Fiscal slippage, liquidity crunch, fear of NPAs not reaching the bottom yet, and the lack of demand and investment in the economy are perceived to be the risk factor, going into the next Diwali. With the government acknowledging the risks and promising to take the counter steps (fiscal recalibration) to arrest the slowdown and pull the economy back on track, investors can focus on identifying the stocks that promise to deliver consistent growth.
Diwali 2020, thus, promises to be prosperous for equity investors. Investors can focus on FMCG, select Pharma, select NBFC (better liquidity), railway stocks with the healthy order book, and the insurance sector stocks to beat the markets. Keeping the US$5 trillion economy target by FY2025 in mind, we recommend the following stocks with a one-year holding period at least to book healthy returns.
Biocon Limited is a biopharmaceutical company engaged in manufacturing generic active pharmaceutical ingredients (APIs), novel biologics as well as biosimilar insulin and antibodies. Biocon focuses on reducing therapy costs of chronic diseases with its aim of providing ease of access to affordable healthcare for patients and partners through its products and services. The company also owns a subsidiary, named Syngene International Limited which is into the business of integrated end-to-end discovery and development services.
On a consolidated basis, the revenue from operations was Rs.1,465.9 crores in Q1FY20, an increase of 30.44 per cent compared to Rs.1,123.8 crores in Q1FY19. PBDT swelled by 53.98 per cent from Rs.289 crores in Q1FY19 and reached Rs.445 crores in Q1FY20. As a result of various product launches, the company’s net profit for Q1 of the current fiscal year touched Rs.235.6 crores, depicting a rise of 70.97 per cent from Rs.137.8 crores gained in the same quarter of the last fiscal year. For FY19, Biocon’s revenue increased by 33.53 per cent to Rs.5514.4 crores from Rs.4129.7 crores in FY18. PBDT grew by 70.65 per cent and reached Rs.1,661.8 crores in FY19 against Rs.973.8 crores achieved in FY18. Thanks to the revenue growth, led by the biologics segment, the company gained a net profit of Rs.10,001.7 crores in FY19, more than double the net profit yielded in FY18, which was Rs.431.8 crores. Three of the Biocon’s strategic business segments, small molecules, biologics, and research services, performed very well in FY19 and helped the company cross Rs.15 billion mark in terms of revenue. The biologics segment which recorded a growth of 97 per cent to Rs.1516.9 crores, was the key driver for Biocon’s incremental growth in the last financial year. The company’s revenue was boosted by 28 per cent to Rs.1,825.6 crores in the research services segment and 18 per cent to Rs.1,772.8 crores in the small molecules segment. However, the revenue growth in branded formulations was relatively less at 7 per cent to Rs.656.4 crores.

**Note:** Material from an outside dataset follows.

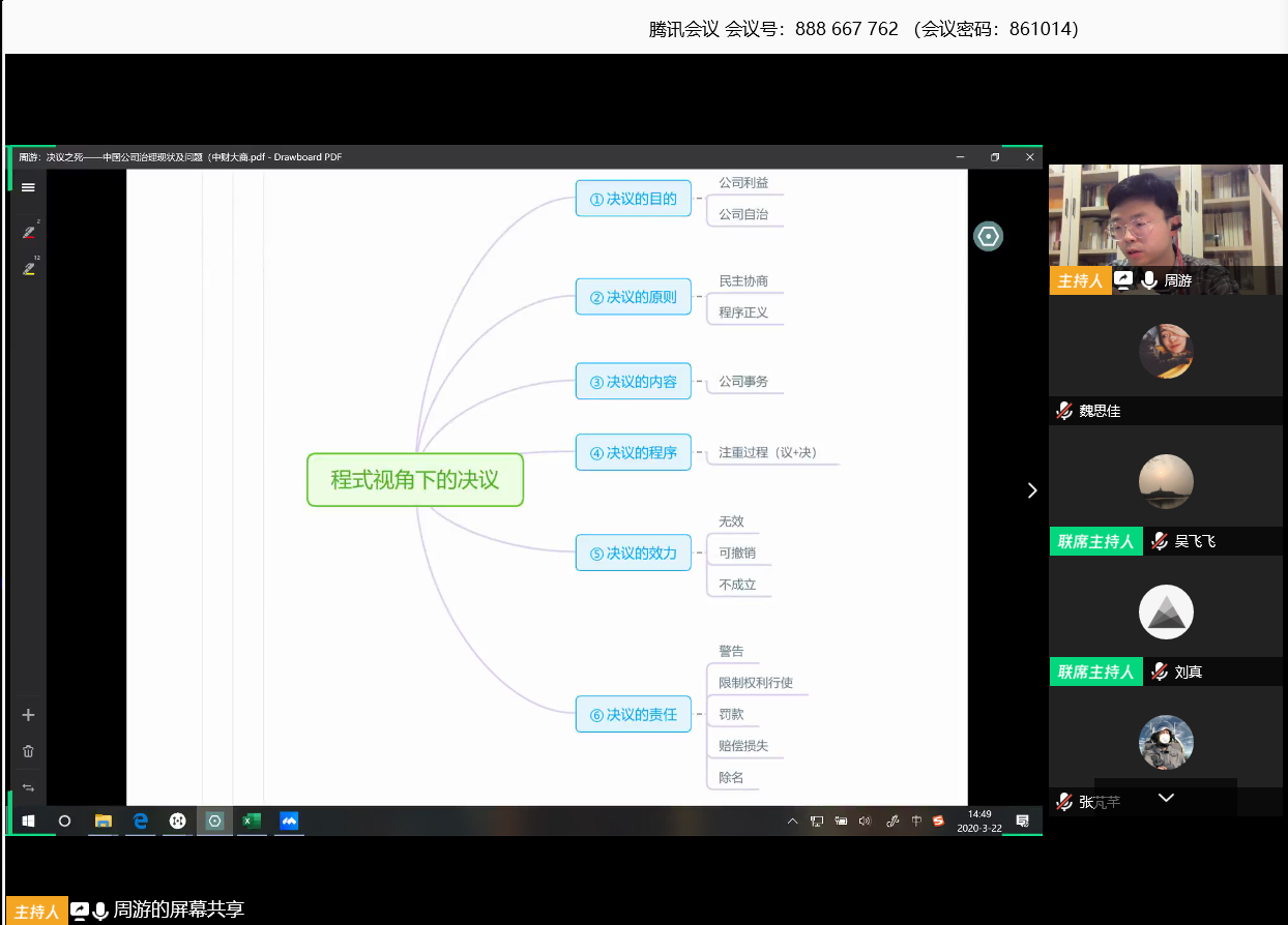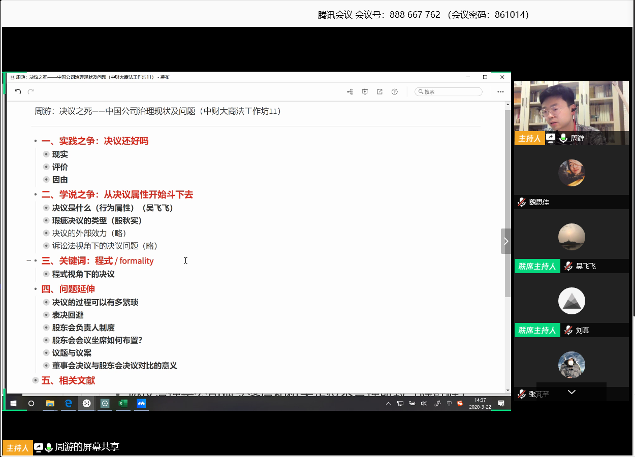 2020年3月22日下午,商法工作坊2020年第3期(总第11期)在直播平台以线上交流与讨论的方式举行。西南政法大学经济法学院吴飞飞副教授、中央财经大学法学院殷秋实副教授作为特邀嘉宾,中央财经大学法学院周游副教授作为指导老师,就“公司决议”之议题展开讨论。工作坊主要由指导老师引导、发言人展示、成员及其他与会者提问及评价、评议人评议、特邀嘉宾发言、指导老师总结等环节组成。此次线上活动共有70余名校内外师生及业界人士参与讨论。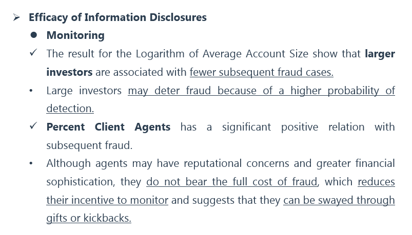 B这家公司有许多大投资者。较大的投资者与较少的后续欺诈案件相关。大投资者可能会阻止欺诈行为,因为他们被发现的可能性更高。

Being a pharmaceutical company, Biocon invests heavily in research and development activities, keeping the strong impact of R&D on the company’s future growth in mind. For FY19, the R&D expenses of the company increased by 34 per cent with an improved focus on biosimilars and generic formulations programs. From the revenue earned solely by Biocon (excluding the revenues gained from Syngene, its subsidiary enterprise) in FY19, the company spent 13 per cent or approximately Rs.479.6 crores on R&D. Since its acquisition, Syngene has been a strategic driving force for Biocon. It delivered a revenue growth of 28 per cent in FY19, which amounted to a whopping Rs.1,825.6 crores.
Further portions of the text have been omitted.